WHAT NEEDS TO BE DONE -
Leaving out pictures, output exactly the lines below from the one that has "Vulcan sewing machine" through the one that has "既然谈到流程管理成熟度,我从个人理解的角度来分享下流程管理成熟度衡量模型。", and nothing else.

ENTRIES PROVIDED -
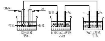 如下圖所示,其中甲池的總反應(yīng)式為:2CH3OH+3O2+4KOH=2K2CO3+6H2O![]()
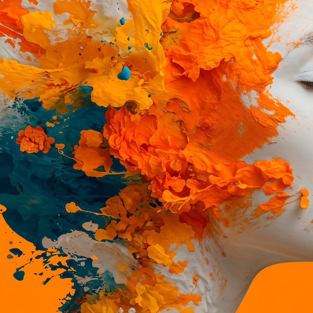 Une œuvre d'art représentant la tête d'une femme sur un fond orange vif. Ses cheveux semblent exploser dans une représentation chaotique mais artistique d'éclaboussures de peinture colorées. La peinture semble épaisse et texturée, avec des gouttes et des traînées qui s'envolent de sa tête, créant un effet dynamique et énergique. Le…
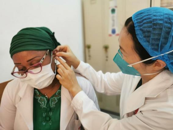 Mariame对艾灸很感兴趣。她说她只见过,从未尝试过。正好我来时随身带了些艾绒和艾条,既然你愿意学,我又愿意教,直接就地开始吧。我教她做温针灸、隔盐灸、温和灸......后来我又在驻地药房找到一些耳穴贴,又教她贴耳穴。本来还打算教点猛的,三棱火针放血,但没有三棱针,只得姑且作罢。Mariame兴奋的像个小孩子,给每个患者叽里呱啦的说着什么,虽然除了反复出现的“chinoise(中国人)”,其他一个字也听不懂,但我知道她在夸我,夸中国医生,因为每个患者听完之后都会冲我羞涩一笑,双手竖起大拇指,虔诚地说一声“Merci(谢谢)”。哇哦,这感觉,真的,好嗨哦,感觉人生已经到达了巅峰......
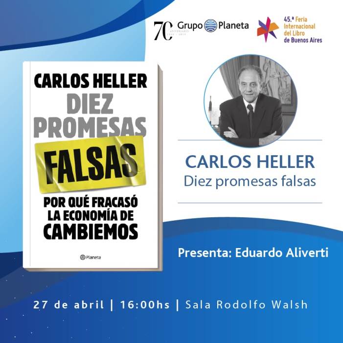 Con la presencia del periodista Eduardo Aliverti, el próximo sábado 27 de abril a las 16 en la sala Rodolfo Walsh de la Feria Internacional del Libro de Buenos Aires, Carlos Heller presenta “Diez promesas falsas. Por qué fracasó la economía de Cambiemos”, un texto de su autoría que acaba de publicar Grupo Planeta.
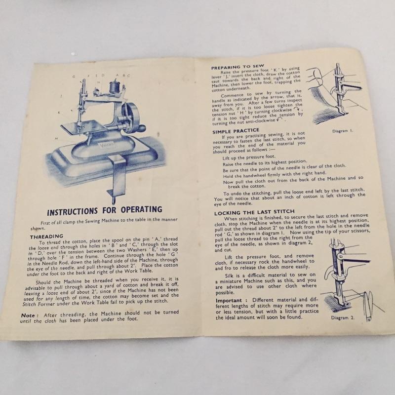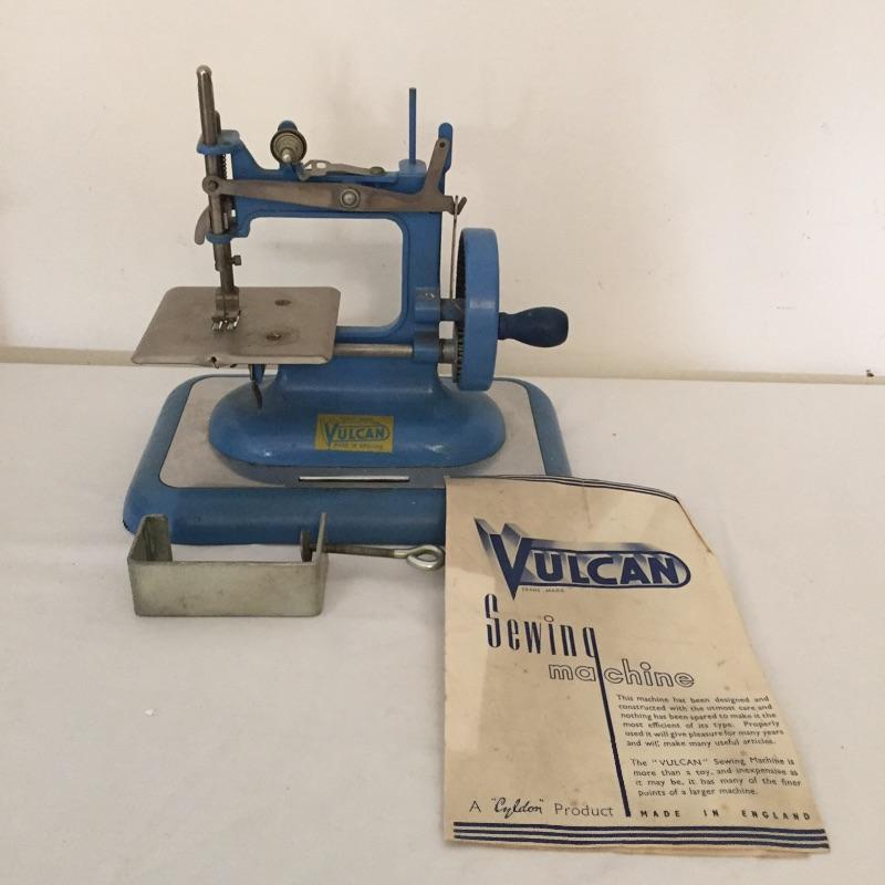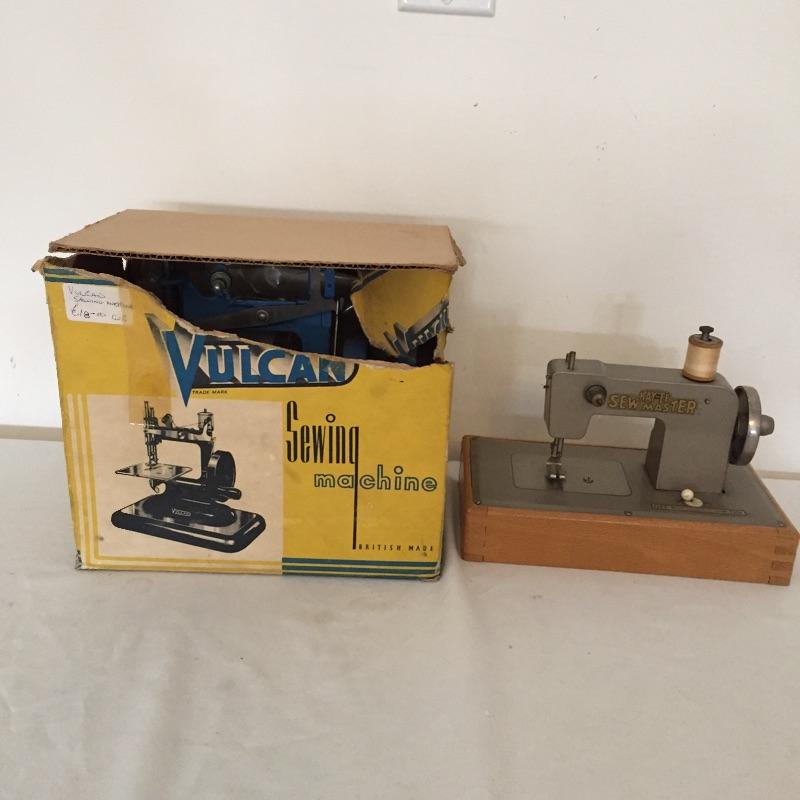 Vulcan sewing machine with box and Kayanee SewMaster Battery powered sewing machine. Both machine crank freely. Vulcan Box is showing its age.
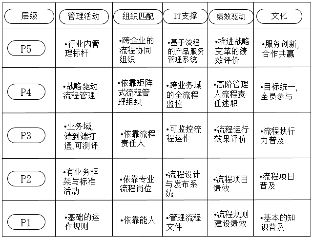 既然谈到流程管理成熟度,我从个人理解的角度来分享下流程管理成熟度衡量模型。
==
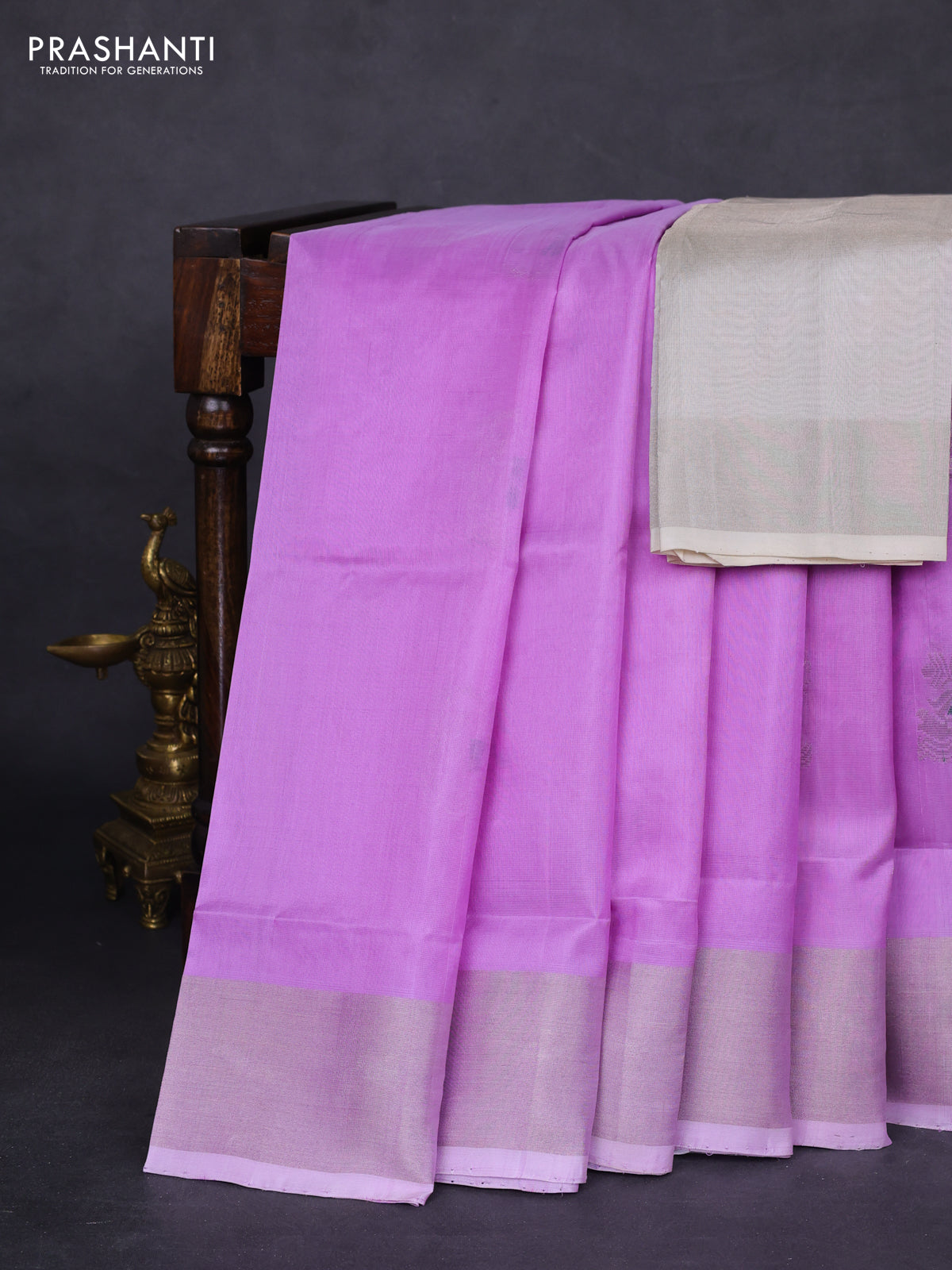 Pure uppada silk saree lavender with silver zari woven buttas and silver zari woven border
==
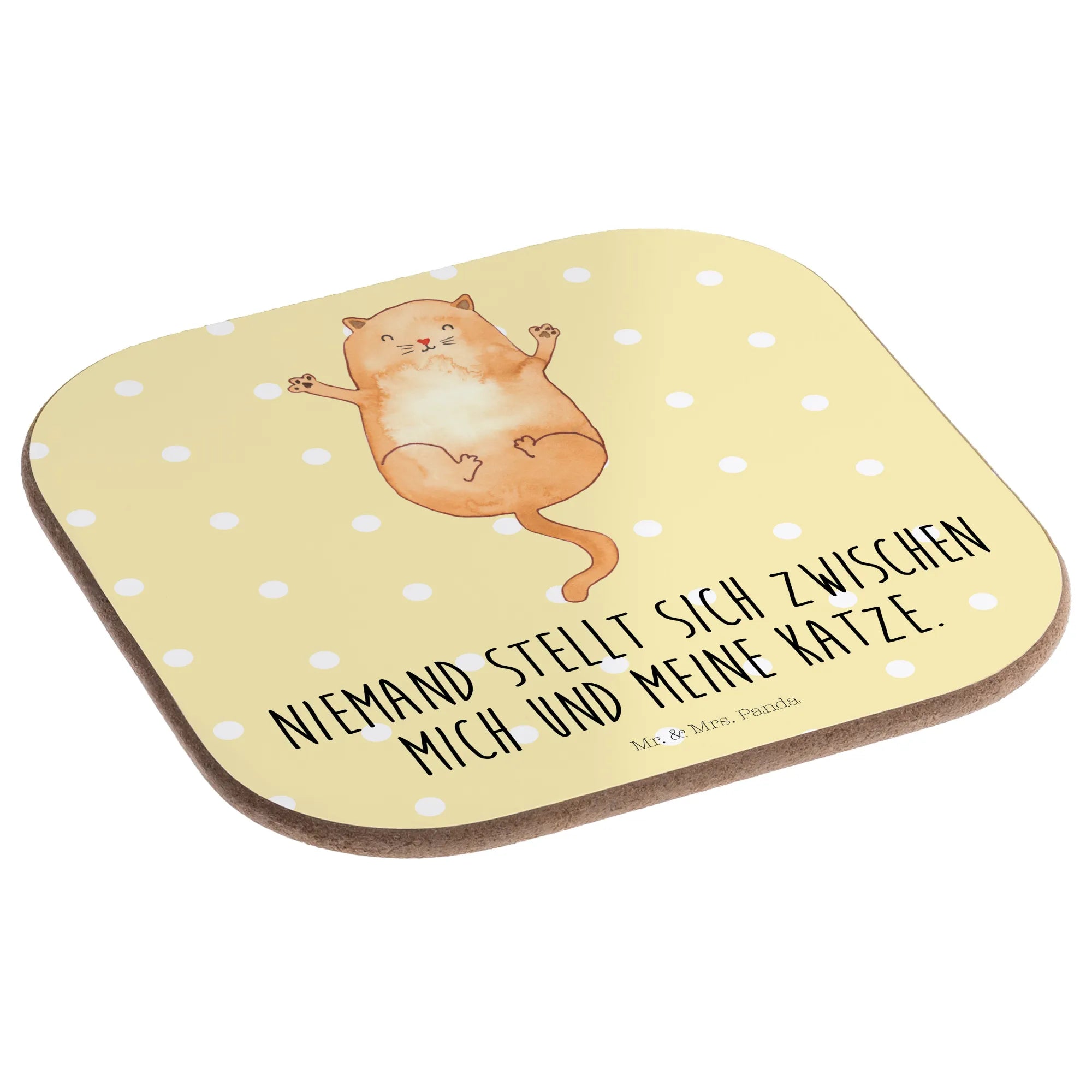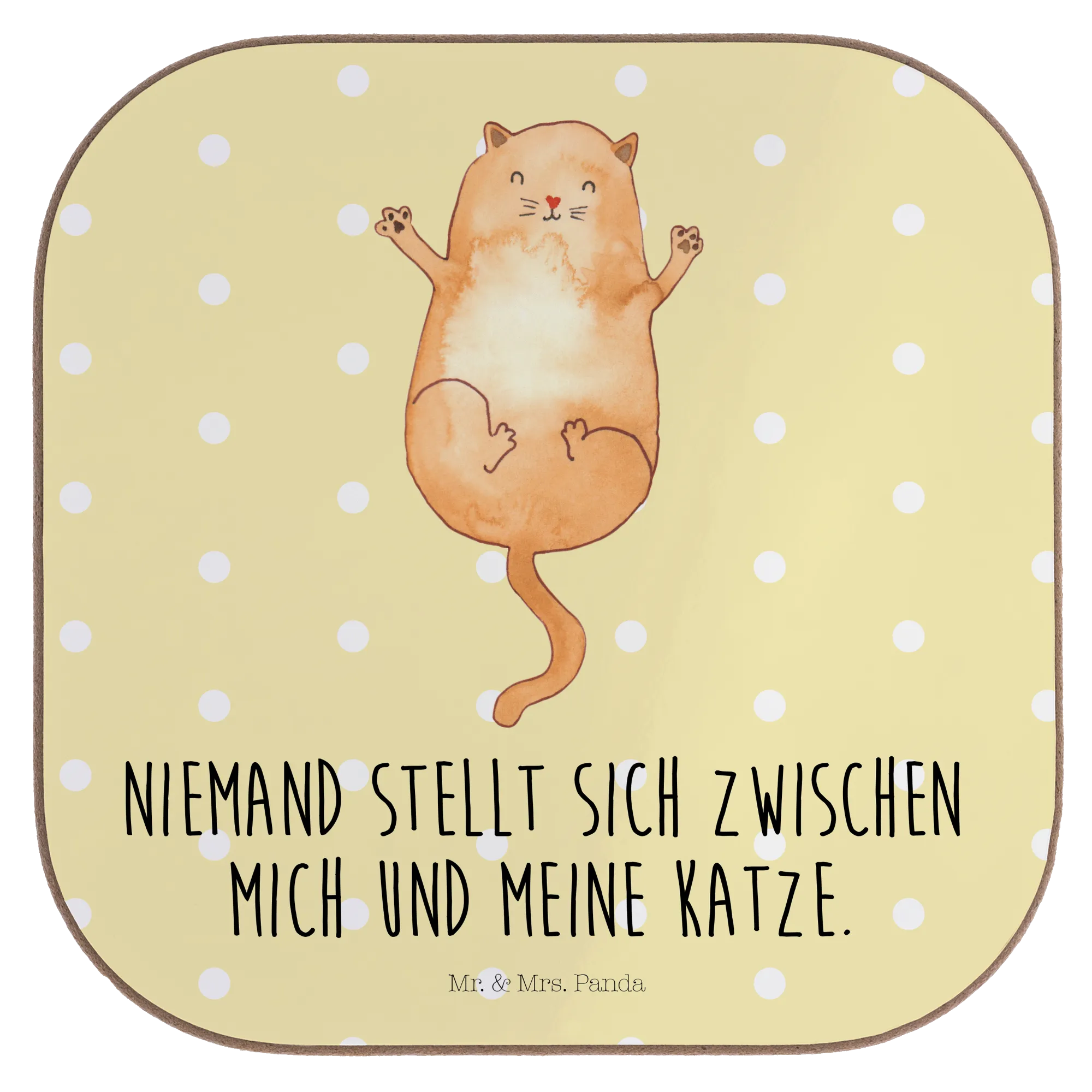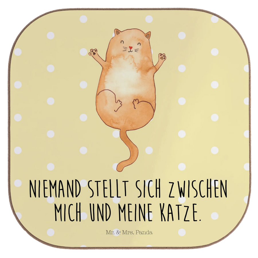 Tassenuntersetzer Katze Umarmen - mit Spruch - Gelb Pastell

SOLUTION FOR THIS EXERCISE -
 Vulcan sewing machine with box and Kayanee SewMaster Battery powered sewing machine. Both machine crank freely. Vulcan Box is showing its age.
 既然谈到流程管理成熟度,我从个人理解的角度来分享下流程管理成熟度衡量模型。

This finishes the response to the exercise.